* [Work request]:
Would you transcribe exactly the lines from the one containing "PSOE ha conseguido" to the last line of the data below, both ends included, but none of the pictures?

--*--

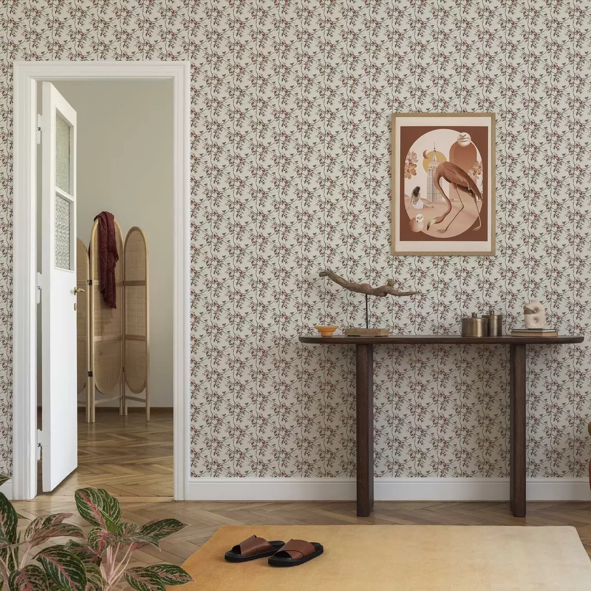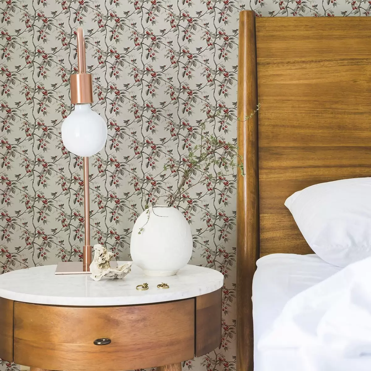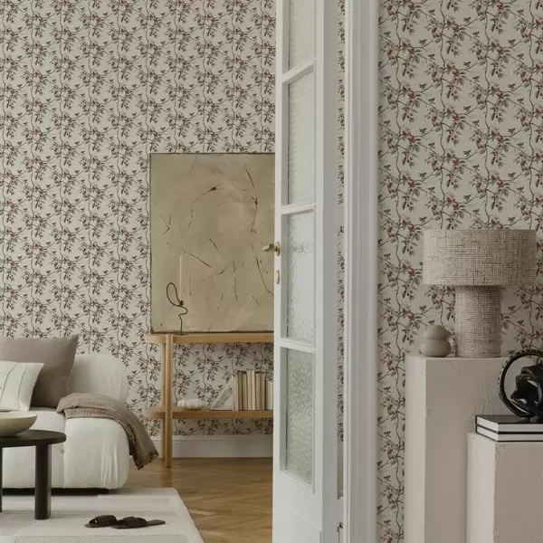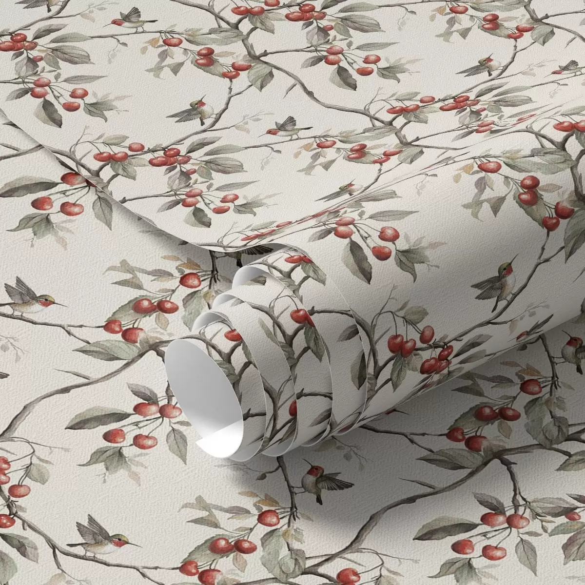 Tapet Păsări printre ramuri de cireș cu fructe de pădure roșii Nr. a00206
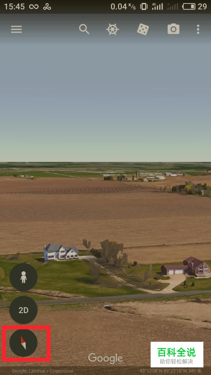 主界面上方右边有一些图标,前两个图标功能与菜单前两个功能一模一样,第三个类似色子的图标你去全球一个地方,领略当地风情;然后是倒数第二个照相机图标,点击之后截取当前视图。剩下一个图标没有多大作用(如果你没有安装谷歌框架)
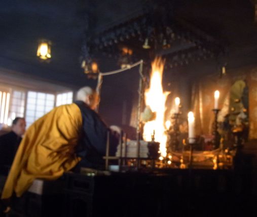 次の日の朝には、朝のお勤め、その後は敷地そばにある護摩堂にて護摩焚きも拝見
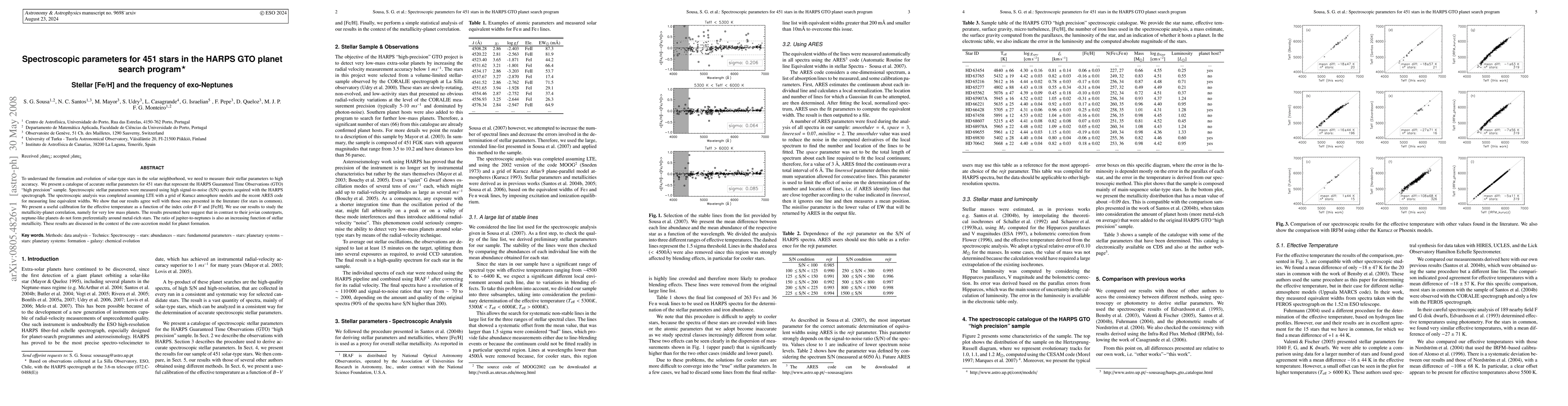 To understand the formation and evolution of solar-type stars in the solar neighborhood, we need to measure their stellar parameters to high accuracy. We present a catalogue of accurate stellar parameters for 451 stars that represent the HARPS Guaranteed Time Observations (GTO) ``high precision'' sample. Spectroscopic stellar parameters were measured using high signal-to-noise (S/N) spectra acquired with the HARPS spectrograph. The spectroscopic analysis was completed assuming LTE with a grid of Kurucz atmosphere models and the recent ARES code for measuring line equivalent widths. We show that our results agree well with those ones presented in the literature (for stars in common). We present a useful calibration for the effective temperature as a function of the index color B-V and [Fe/H]. We use our results to study the metallicity-planet correlation, namely for very low mass planets. The results presented here suggest that in contrast to their jovian couterparts, Neptune-like planets do not form preferentially around metal-rich stars. The ratio of jupiter-to-neptunes is also an increasing function of stellar metallicity. These results are discussed in the context of the core-accretion model for planet formation.
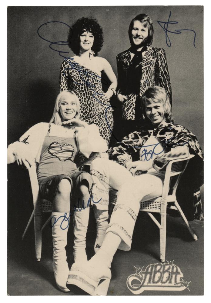 Desirable 4 x 6 cardstock promo photo of ABBA, signed in blue ballpoint by Benny Andersson, Agnetha Fältskog, Anni-Frid Lyngstad, and Björn Ulvaeus. In fine condition, with a tiny tack hole to top.
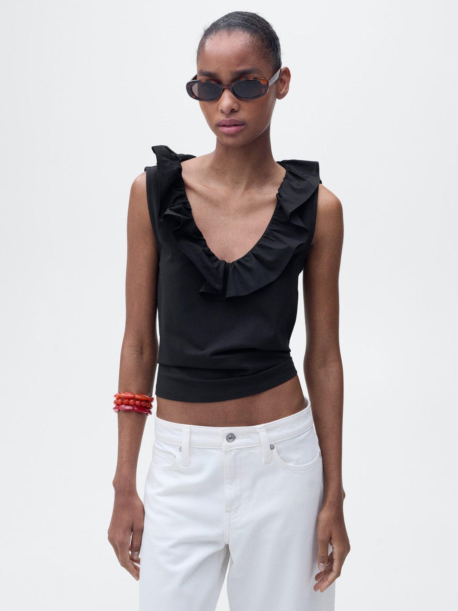 Simple and versatile in nature, this vest by Mango will give your wardrobe the refresh it needs. Framed with a scooped neck and a sleeveless design, it is made from a comfortable cotton-rich fabric and will slot seamlessly into your everyday staples.
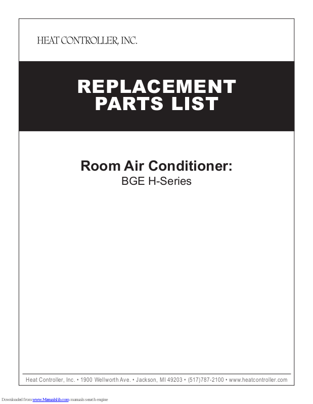 Heat Controller, Inc. Thru-the-Wall Room Air Conditioner BGE H-Series Parts List
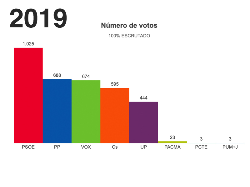PSOE ha conseguido el mayor número de votos (1.025 votos) seguido por PP, VOX y Cs.
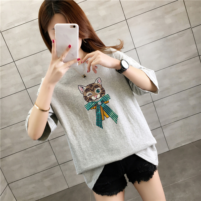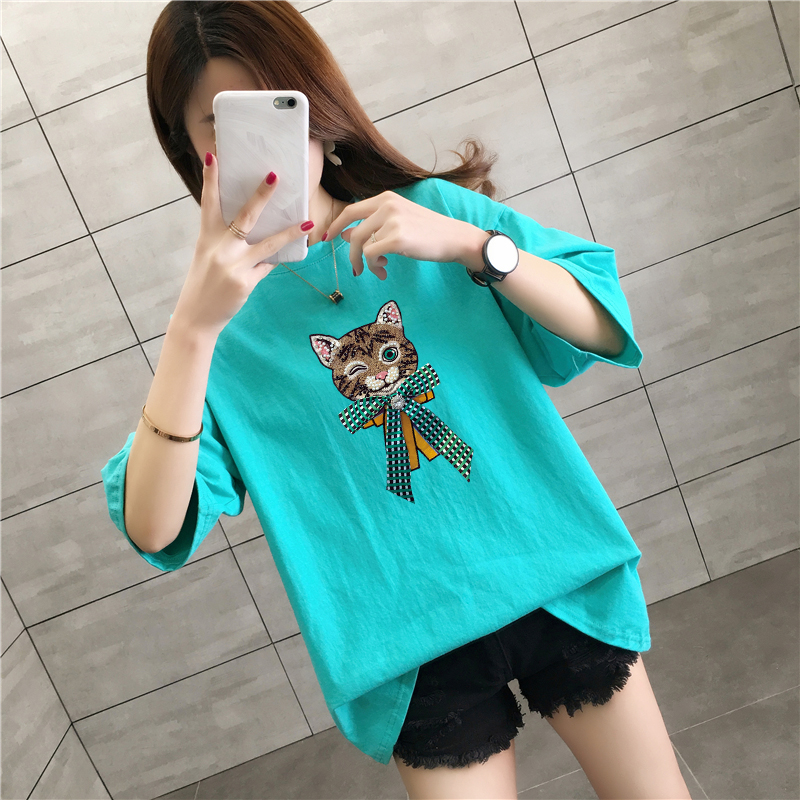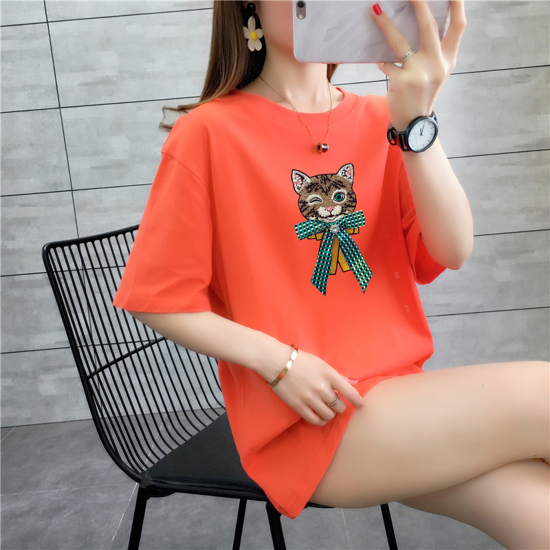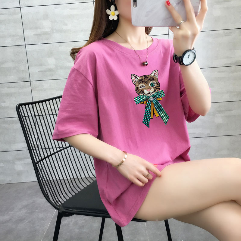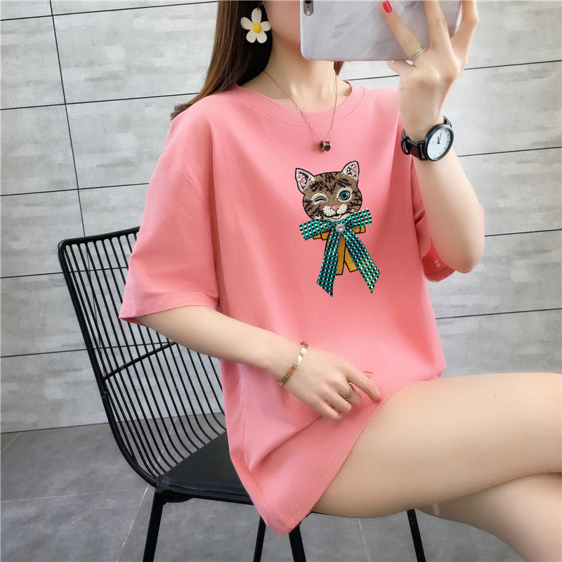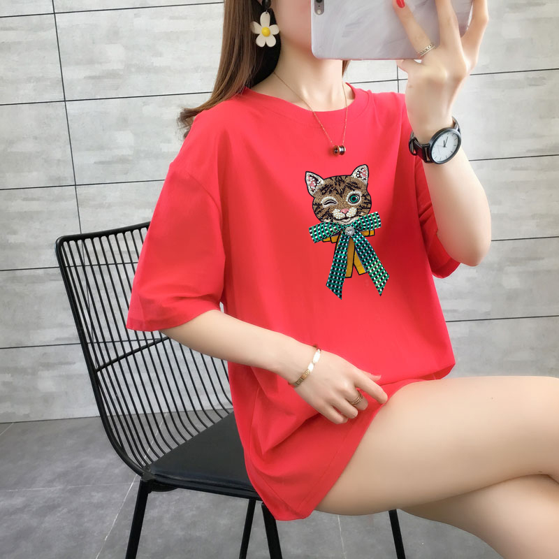 CP99#长期特价款!纯棉 宽松加大码中长款夏装新款学生纯棉短袖t恤女100%精梳棉

--*--

* [Response area]:
PSOE ha conseguido el mayor número de votos (1.025 votos) seguido por PP, VOX y Cs.
 CP99#长期特价款!纯棉 宽松加大码中长款夏装新款学生纯棉短袖t恤女100%精梳棉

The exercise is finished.